Ce n’est qu’un paradoxe apparent : en pleine campagne officielle anticorruption, le pouvoir chinois a condamné dimanche à quatre ans de prison un des activistes les plus en vue de Chine, qui combattait lui aussi la corruption.
Le message est clair dans cette lourde condamnation : la lutte contre la corruption est l’affaire du Parti communiste lui-même, et pas de la société civile. Ce qui fixe les limites très étroites des réformes politiques de l’ère Xi Jinping, qui n’est pas prêt à remettre en cause le monopole du Parti.
Xu Zhiyong a été condamné officiellement pour avoir « réuni des foules pour perturber l’ordre social », au nom du Mouvement des nouveaux citoyens dont il est le fondateur. (...)
A 40 ans, Xu Zhiyong appartient à une nouvelle génération d’activistes chinois qui usent du droit pour faire évoluer la société chinoise. Je l’avais interviewé à Pékin il y a dix ans, alors qu’il tentait de faire valoir ses vues à l’intérieur du système, se présentant aux élections au parlement de la ville de Pékin.
Constatant qu’il n’arrivait pas à se faire entendre à l’intérieur, il a créé le Mouvement des nouveaux citoyens, organisation non-gouvernementale qui s’est vite heurtée à l’intolérance du pouvoir face à une société civile encore embryonnaire et fragile.
Il avait été arrêté une première fois pendant plusieurs semaines en 2009, puis condamné à une forte amende pour « fraude fiscale », le même prétexte employé contre l’artiste-activiste Ai Weiwei lors de son arrestation pendant trois mois en 2011. (...)
Xu Zhiyong a tenté de lire une longue plaidoirie personnelle au cours de son procès qui s’est tenu à huis clos. Mais le juge l’a interrompu au bout de dix minutes en estimant que ce n’était pas pertinent.

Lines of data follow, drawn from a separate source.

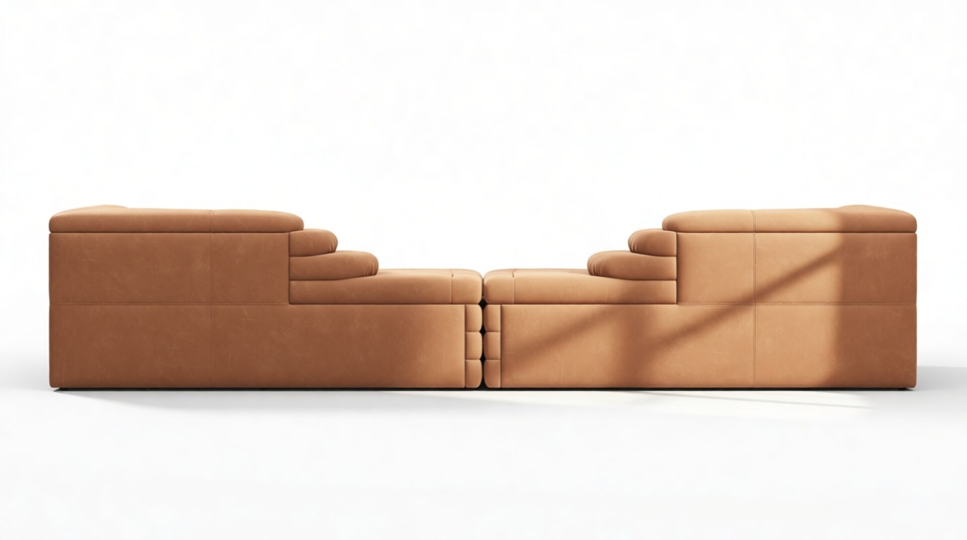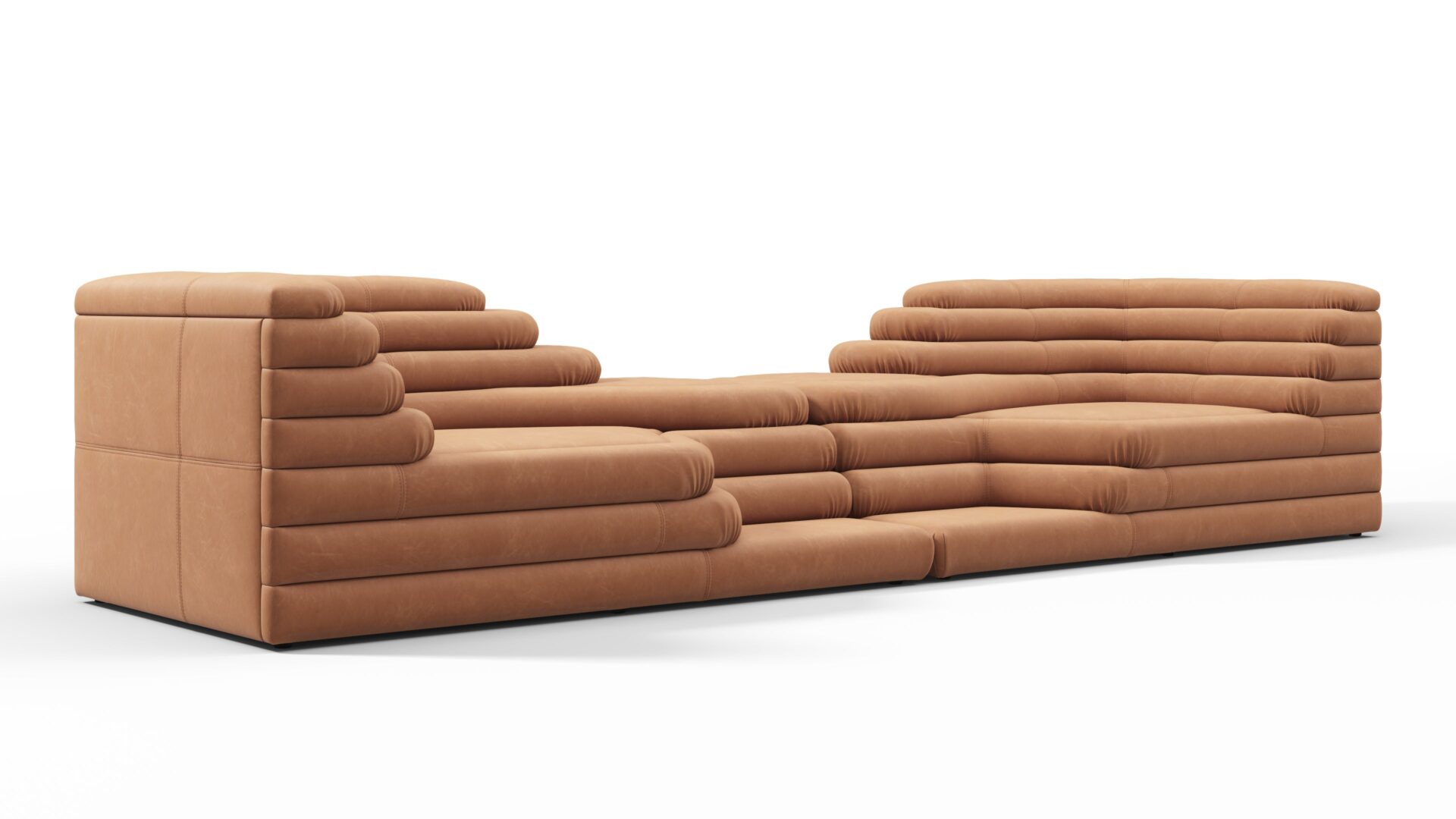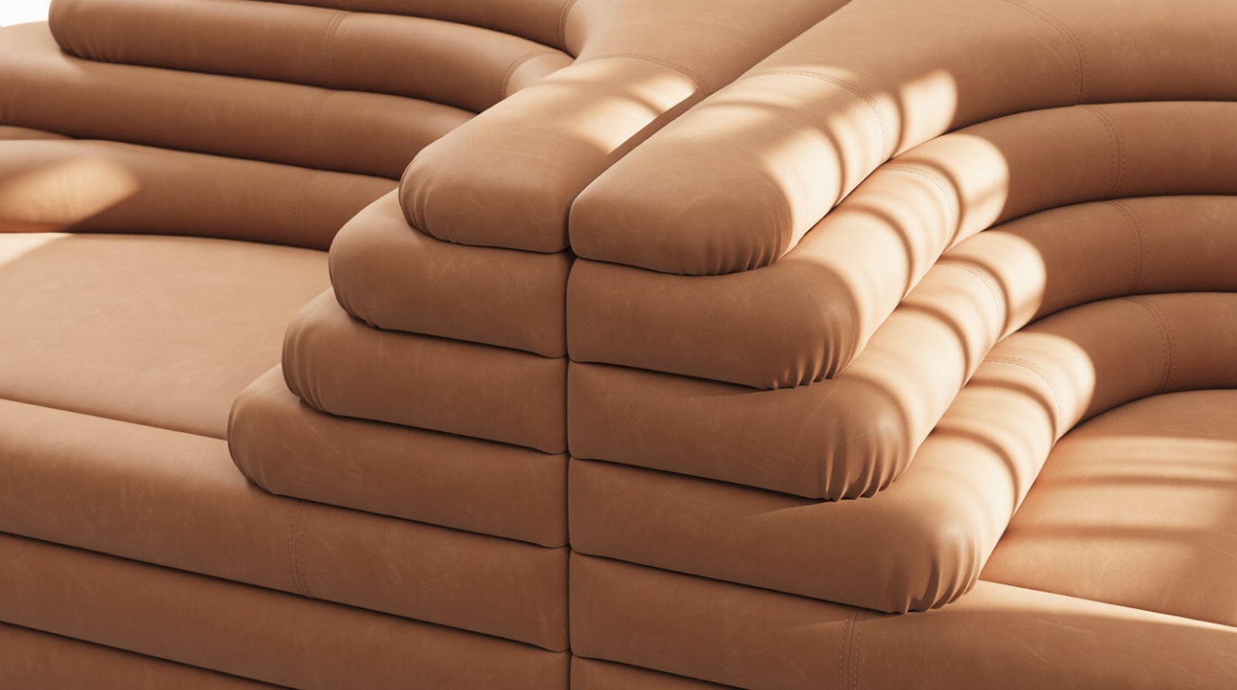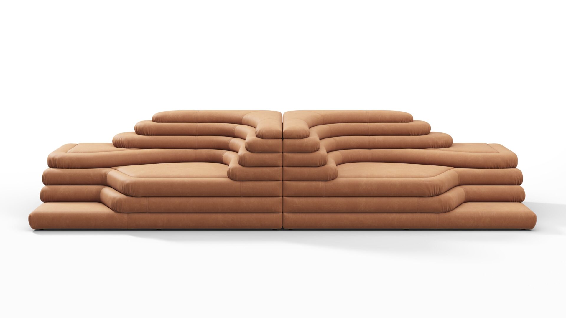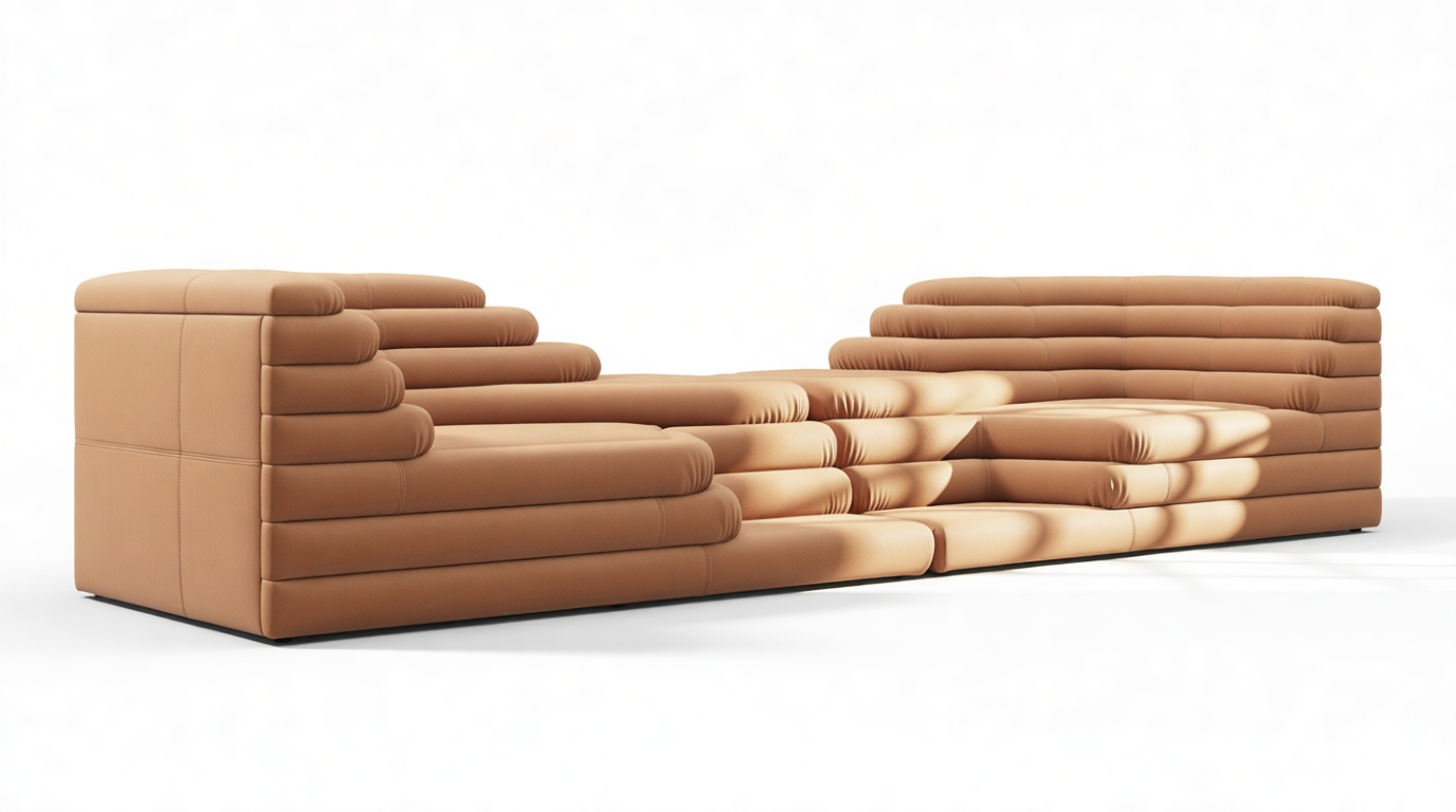 Unveiling the Terrazza Sofa, an exquisite masterpiece blending opulent comfort with superb artistry. This exceptional sofa transcends conventional design norms, offering a singular addition for discerning connoisseurs. Crafted with precision, featuring geometric shapes and textural contrasts, the sofa boasts sleek contours and daring angles. Upholstered in sumptuous Tan Vegan Leather, it exudes lavishness and refinement, promising a visual delight and unmatched seating experience. Truly an artistic statement and a pinnacle of sophisticated luxury for your living space.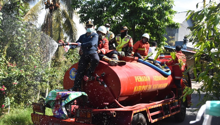 | Penyemprotan disinfektan sebagai upaya Pemerintah Kabupaten Karangasem, memutus penyebaran Corona Covid-19/ist |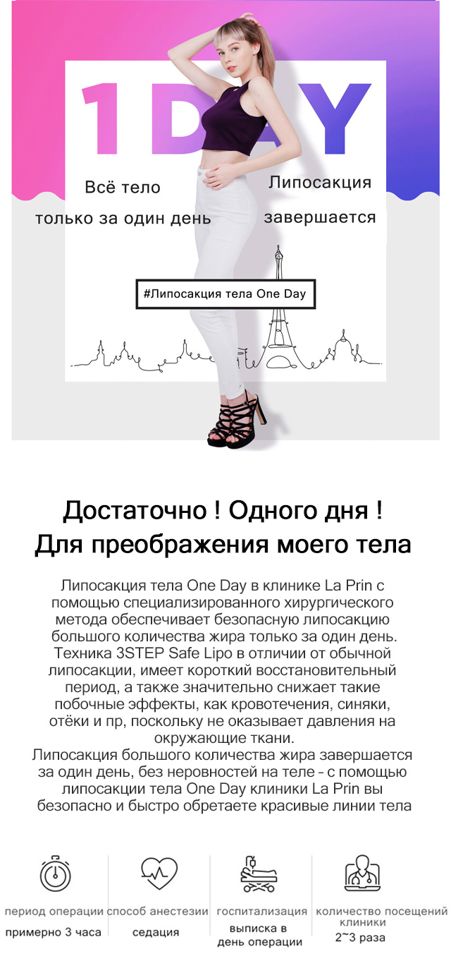 Липосакция тела One Day в клинике La Prin с помощью специализированного хирургического метода обеспечивает безопасную липосакцию большого количества жира только за один день. Липосакция тела One Day в клинике La Prin с помощью специализированного хирургического метода обеспечивает безопасную липосакцию большого количества жира только за один день. Липосакция большого количества жира завершается за один день, без неровностей на теле – с помощью липосакции тела One Day клиники La Prin вы безопасно и быстро обретаете красивые линии тела -
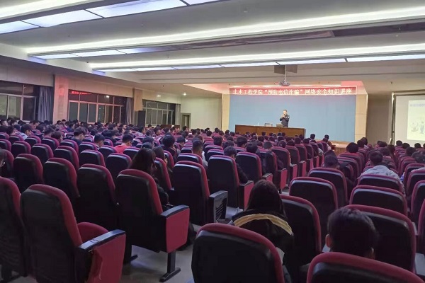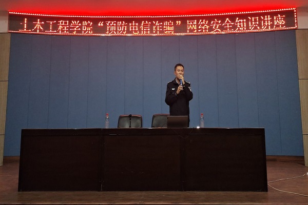 随着现代电信技术的飞速发展,在享受通讯的快速便捷之余,电信诈骗也在迅速蔓延。为了普及防范知识,加强学生对电信诈骗的防范意识,保护大家的人身和财产安全,土木工程学院于2020年11月5日晚7:30在一教八楼举行了“预防电信诈骗”网络安全知识讲座。七里河反电信网络诈骗大队副主任朱毅斌担任主讲,20级全体同学参加了此次讲座。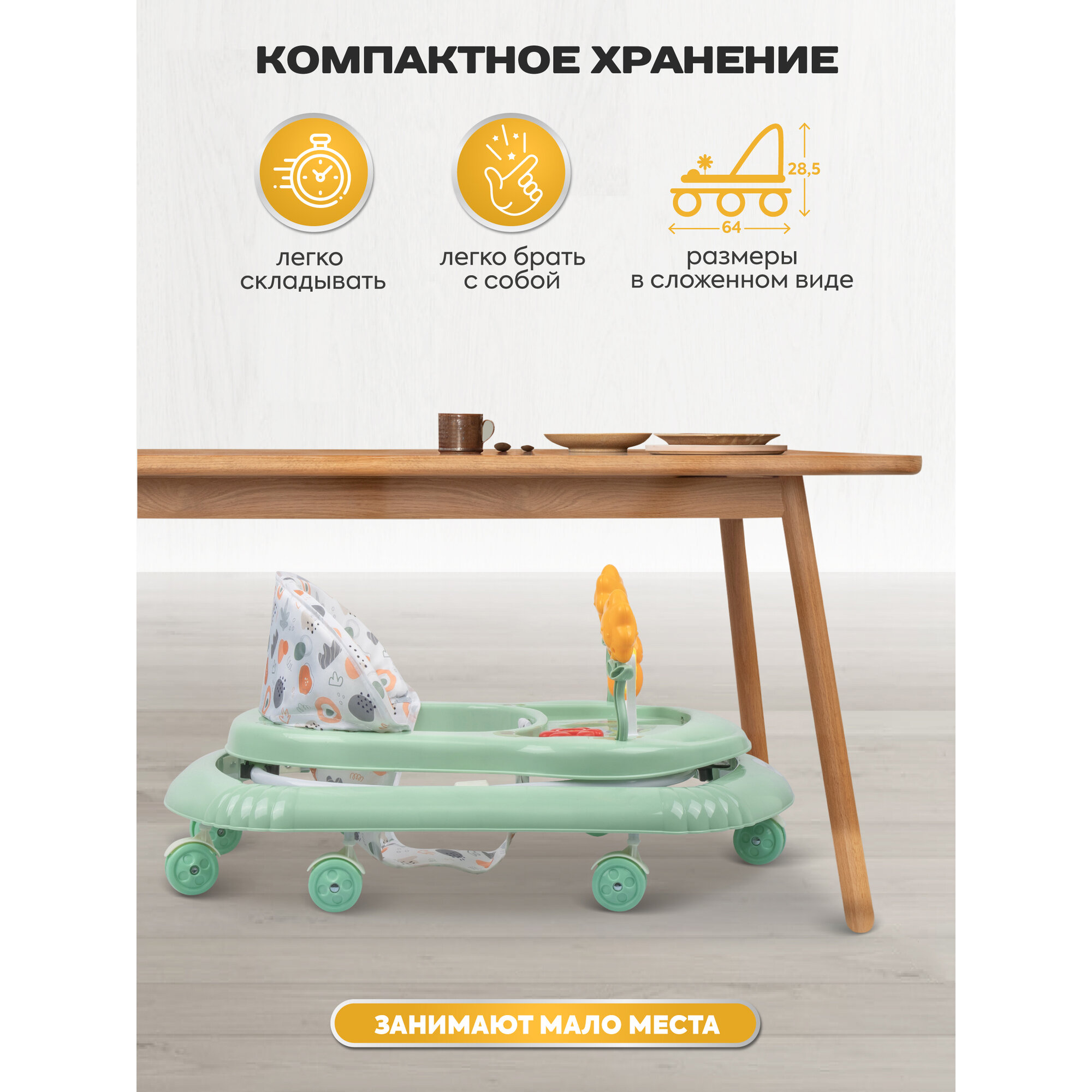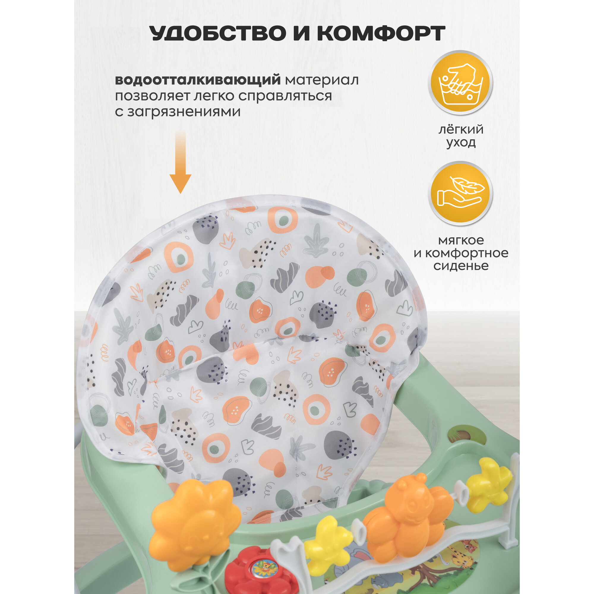 Ходунки детские музыкальные Indigo Fly с игровой панелью, 7 колес, зеленый интересное: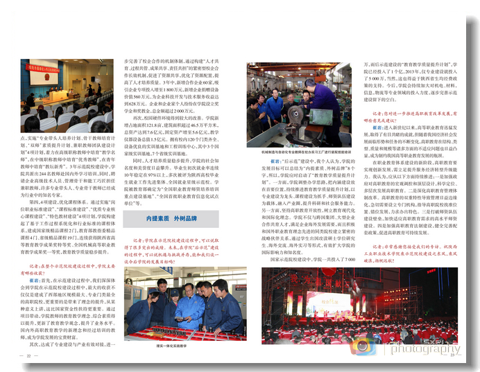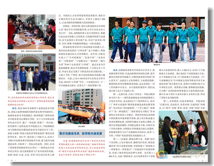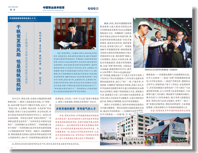 巖:好的,我也非常感謝教育部同志和《中國職業(yè)技術(shù)教育》雜志記者能專程到陜西工院進(jìn)行專訪?;厮蓐兾鞴I(yè)職業(yè)技術(shù)學(xué)院走過的63年風(fēng)雨歷程,用一句話說,我們的理念就是“辦有靈魂的教育、建有品位的學(xué)校、創(chuàng)有境界的文化、育有底氣的人才”。特別是2008年學(xué)院被教育部、財政部批準(zhǔn)為國家示范性高等職業(yè)院校計劃立項建設(shè)單位以來,我們按照“創(chuàng)新人才培養(yǎng)模式、優(yōu)化人才培養(yǎng)方案、強(qiáng)化實(shí)訓(xùn)基地建設(shè)、探索合作體制機(jī)制、打造雙師教學(xué)團(tuán)隊、力促校企文化融通、搭建資源共享平臺、提升社會服務(wù)能力、鑄就示范高職名?!钡墓ぷ魉悸?,圓滿完成了5個重點(diǎn)專業(yè)及專業(yè)群、1個校內(nèi)生產(chǎn)性實(shí)訓(xùn)基地和1個共享型專業(yè)教學(xué)資源庫的建設(shè)任務(wù),進(jìn)行了“校廠一體、產(chǎn)教并舉、中高銜接、區(qū)域聯(lián)動”集團(tuán)化辦學(xué)探索,形成了由五大環(huán)節(jié)組成的實(shí)踐教學(xué)和學(xué)生能力訓(xùn)練體系及十種校企合作模式,構(gòu)建了國家級重點(diǎn)專業(yè)、省級重點(diǎn)專業(yè)、院級重點(diǎn)專業(yè)三層并進(jìn)的專業(yè)建設(shè)體系,辦學(xué)活力和人才培養(yǎng)水平大幅提升,示范引領(lǐng)作用日益凸顯,影響力不斷增強(qiáng),社會聲譽(yù)顯著提高。
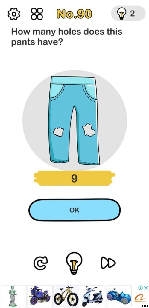 パンツに穴がいくつあるか気づいた?確かに、あなたの答えは大したことではないでしょう。したがって、Brain Out レベル 90 パズルを解くためのガイドが必要です。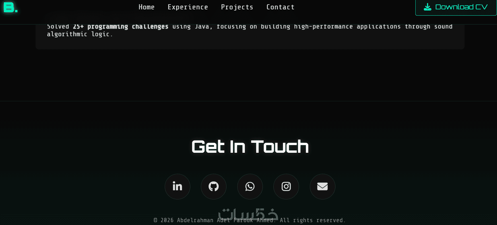 أنا عبدالرحمن، مطور برمجيات وطالب بـ (AI) ومتدرب بـ (DEPI). سأحول أعمالك إلى معرض حي بأسلوب Minimalist يركز على الإبداع والسرعة.

Voici ses premières phrases qui résument l’enjeu, simple, à ses yeux :
« Vous m’avez accusé d’avoir perturbé l’ordre public en raison de mes efforts en faveur de l’égalité d’accès à l’éducation, pour permettre aux enfants de migrants de passer les examens d’entrée à l’université là où ils résident, et pour mes appels aux dirigeants pour qu’ils déclarent leurs avoirs.
Alors que, superficiellement, il pourrait s’agir d’un confllit entre le droit d’expression d’un citoyen et l’ordre public, il s’agit en fait de savoir si oui ou non vous reconnaissez les droits constitutionnels d’un citoyen.
A un niveau plus profond, il s’agit en fait de vos propres peurs :
– peur d’un procès public ;
– peur de la liberté des citoyens de pouvoir suivre un procès ;
– peur de voir mon nom apparaître en ligne ;
– peur de la société libre qui approche.
En tentant de réprimer le Mouvement des nouveaux citoyens, vous mettez des obstacles sur la voie de la Chine dans sa tentative de devenir une démocratie constitutionnelle par des voies pacifiques ».